• [Task brief]:
Skip the pictures. Retype exactly, and only, the lines between the line holding "Вышка тура ВСР-1" and the last line below, inclusive.

(Supplied data)

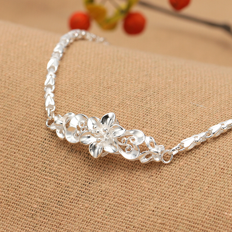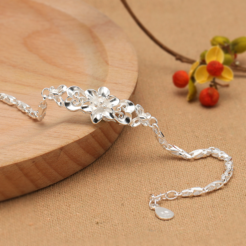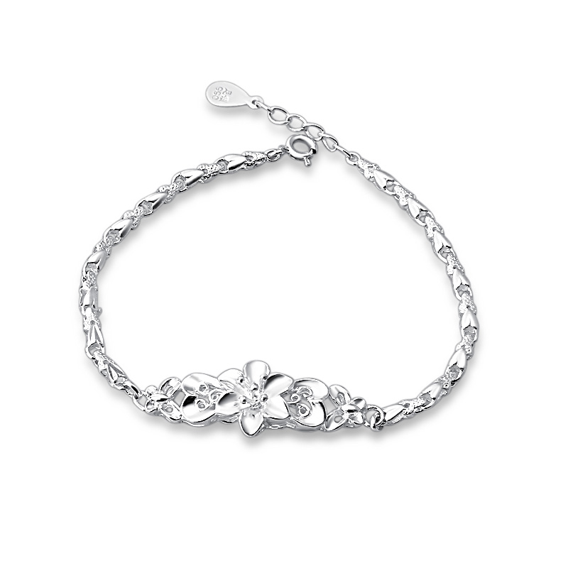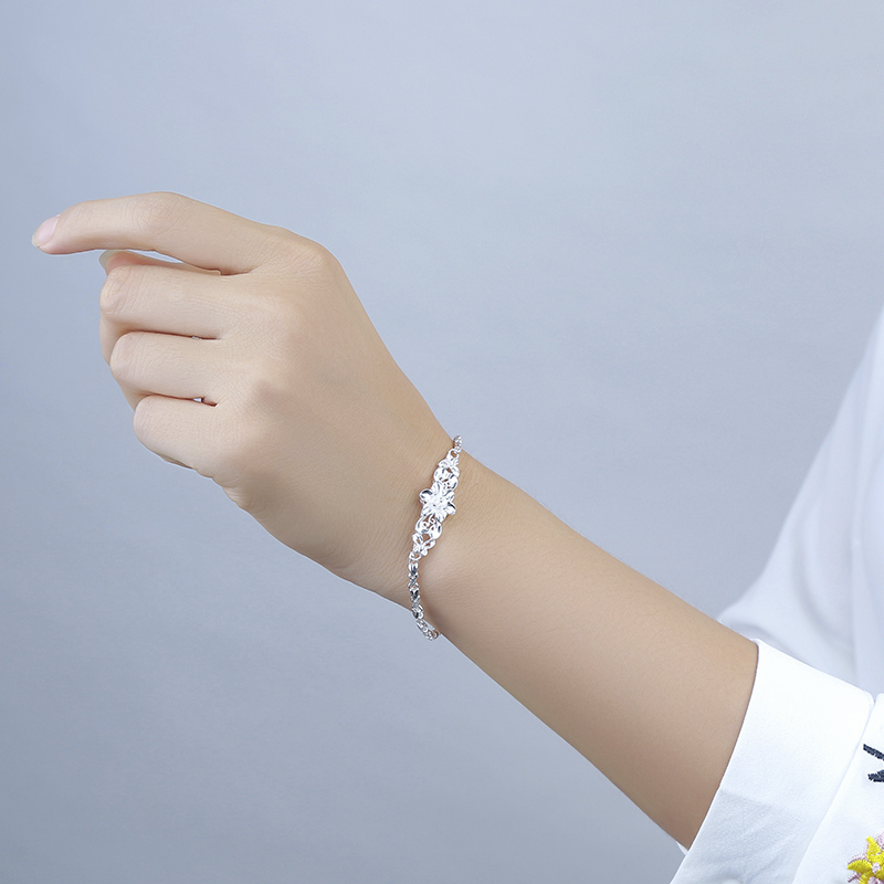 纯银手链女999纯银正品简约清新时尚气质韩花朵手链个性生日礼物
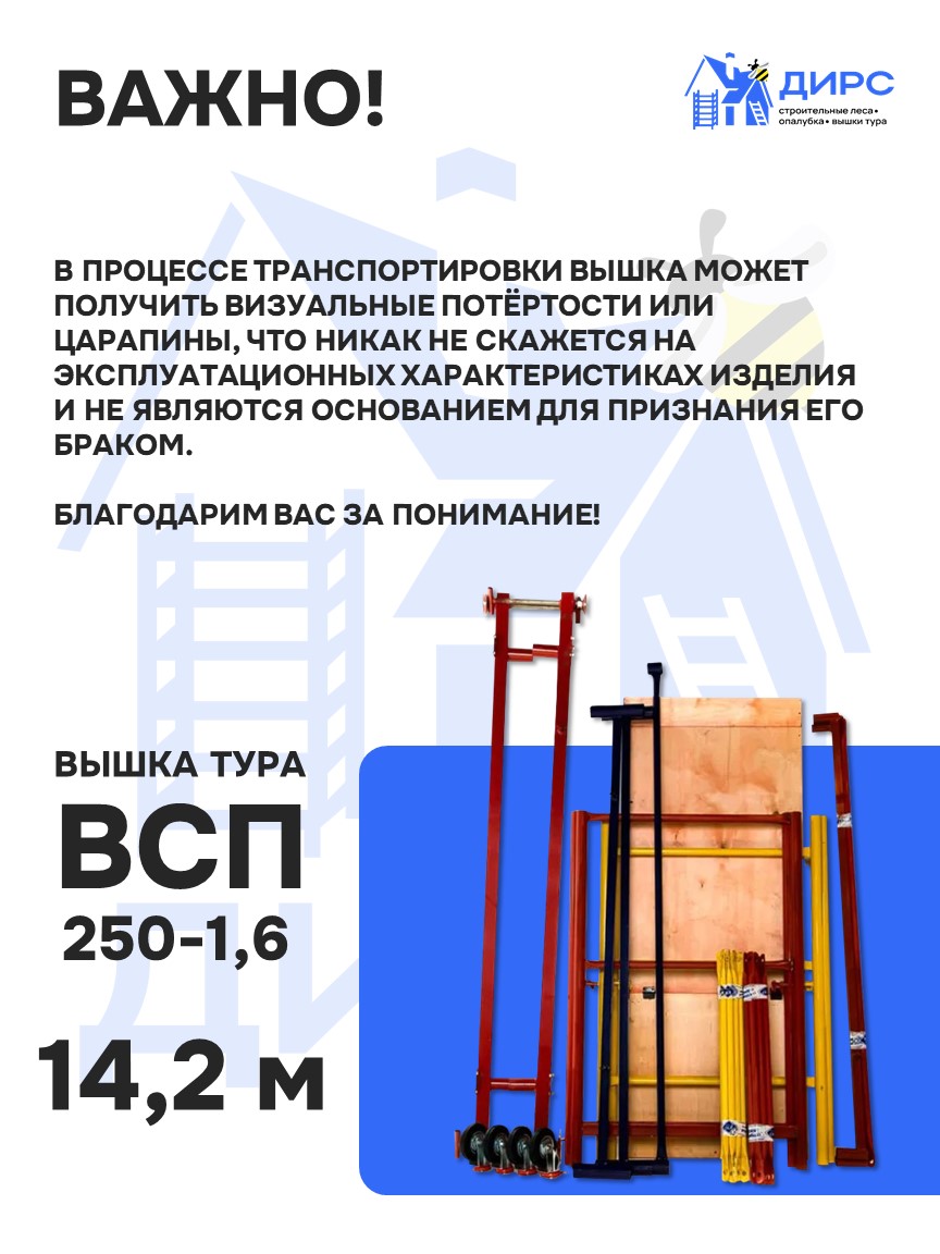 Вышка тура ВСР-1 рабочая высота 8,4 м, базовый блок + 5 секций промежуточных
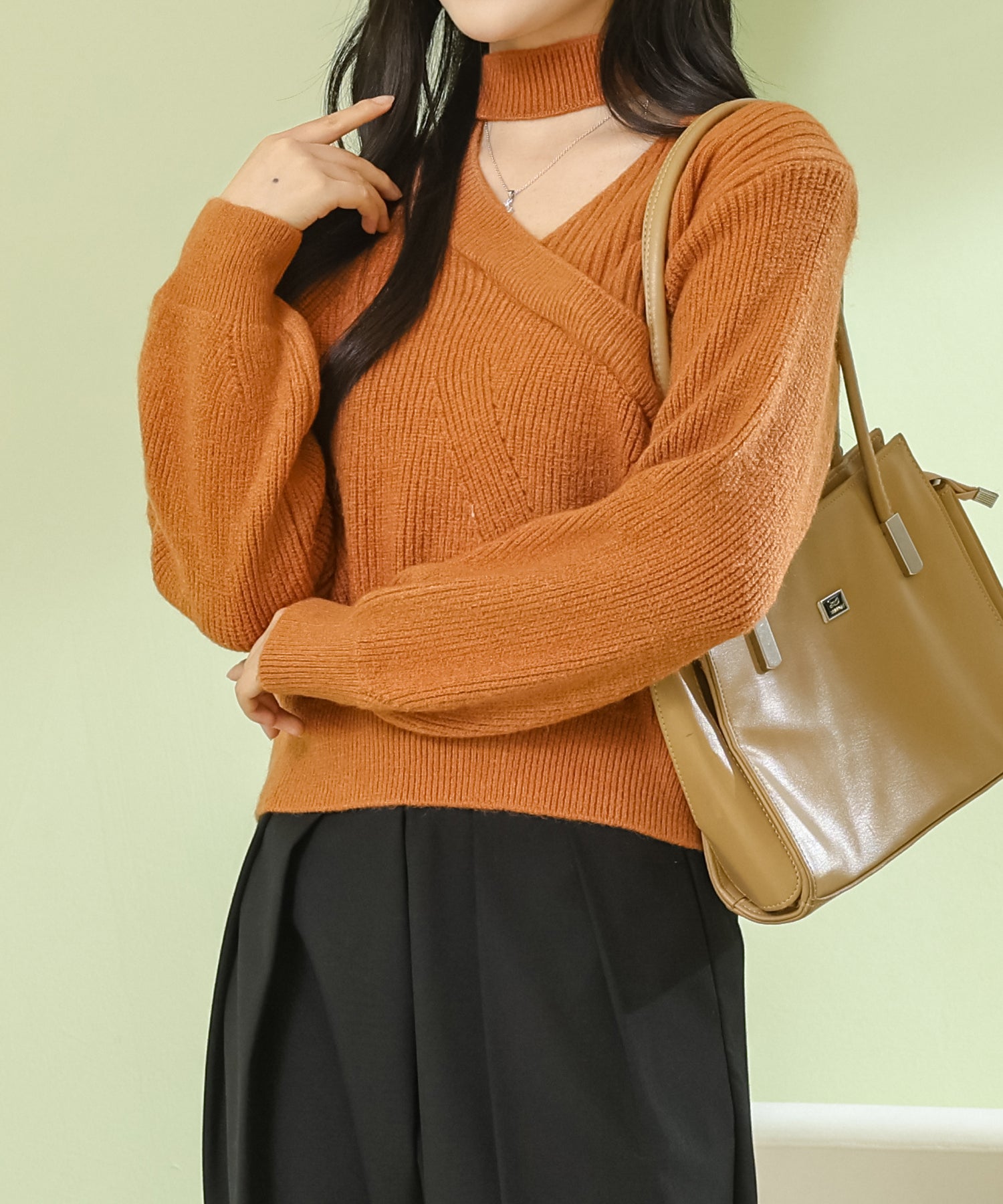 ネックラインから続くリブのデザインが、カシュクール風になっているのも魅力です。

(End Supplied data)

• [Result of the exercise]:
 Вышка тура ВСР-1 рабочая высота 8,4 м, базовый блок + 5 секций промежуточных
 ネックラインから続くリブのデザインが、カシュクール風になっているのも魅力です。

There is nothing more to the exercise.